Phony remedy to the climate crisis rejected…. at least for the next four years.

Many delegates from developing countries at the climate talks in Paris have been pushing hard to scrap text about carbon markets, a fight Friends of the Earth International strongly supports. Why? Because carbon markets are essentially a license for polluters to out source their pollution and repackage the ongoing overall damage so it doesn’t look as bad. Today, the fight saw some real progress, though much remains to be done.
Mentions of carbon markets have been removed from the parts of the negotiation text relating to action needed by 2020. Although Friends of the Earth International welcomes this news, it is now crucial to keep up the fight to scrap carbon markets from negotiating texts entirely.
Some of the discussions at the climate talks have seen a shocking lack of transparency with observers, including civil society groups, denied the chance to observe directly. Developing countries are being bullied behind closed doors and the issues of the poorest are being railroaded out of this process. The countries who are serious about addressing climate change know there is no space for false solutions like carbon markets.
What’s the problem with carbon markets?
Far from reducing climate-wrecking pollution, carbon markets are a mechanism that allow polluters to keep polluting, while purchasing the right to do so from countries with lower emissions. Carbon markets offer the opportunity to pretend you are not contributing to the overall levels of carbon in the atmosphere, keep polluting, keep relying on fossil fuels, all the while giving the impression that you are reducing the overall problem by buying someone else’s share of the right to pollute.
Emissions’ reductions are far from being the first priority of carbon markets, which artificially create new investment possibilities for financial markets.
For instance, the European carbon market (the EU-ETS) can reach 50% of its reduction targets for 2020 thanks to the Clean Development Mechanism through which developed countries obtain emission credits by financing projects which fraudulently claim to reduce emissions in developing countries.
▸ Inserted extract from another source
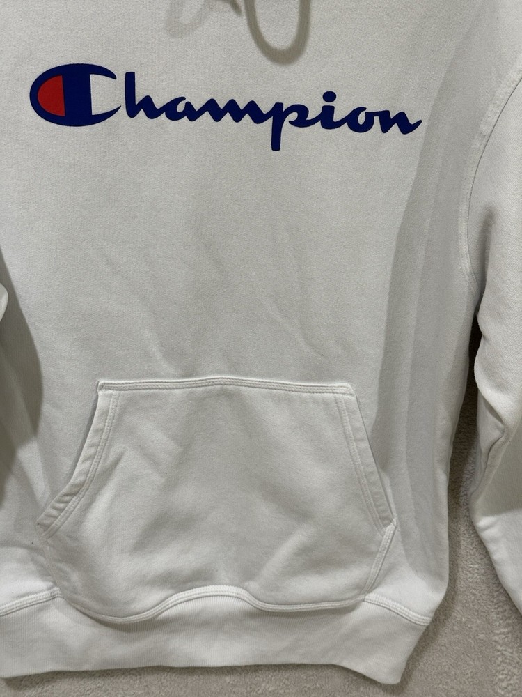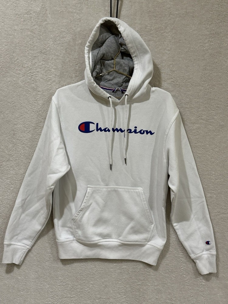 Champion Hoodie Sweatshirt Size Small White Spell-out Comfort Cozy. Condition is Pre-owned. Shipped with USPS Ground Advantage....

Real emission reduction efforts must happen domestically, not through offset mechanisms, which provide an easy escape from real emission cuts, presenting an absolute increase of emissions as a relative decrease.
Proposals for carbon trading have no place in a climate agreement that needs to drive carbon emissions to zero by 2050. We note that for the third time in a row at the international climate talks, the group discussing market and non-market approaches has failed to come to a conclusion.
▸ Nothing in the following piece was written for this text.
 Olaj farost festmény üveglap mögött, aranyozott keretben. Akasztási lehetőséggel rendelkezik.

However, carbon market mechanisms remain in the text about action after 2020. Real action on climate change demands real solutions. Fudging the numbers on emissions levels is not a solution by any stretch of the imagination. We do not see any space in the process for continuing to discuss false solutions. False solutions must be completely removed from the Paris text and future climate treaties if we are to see robust action on climate as science and justice demand.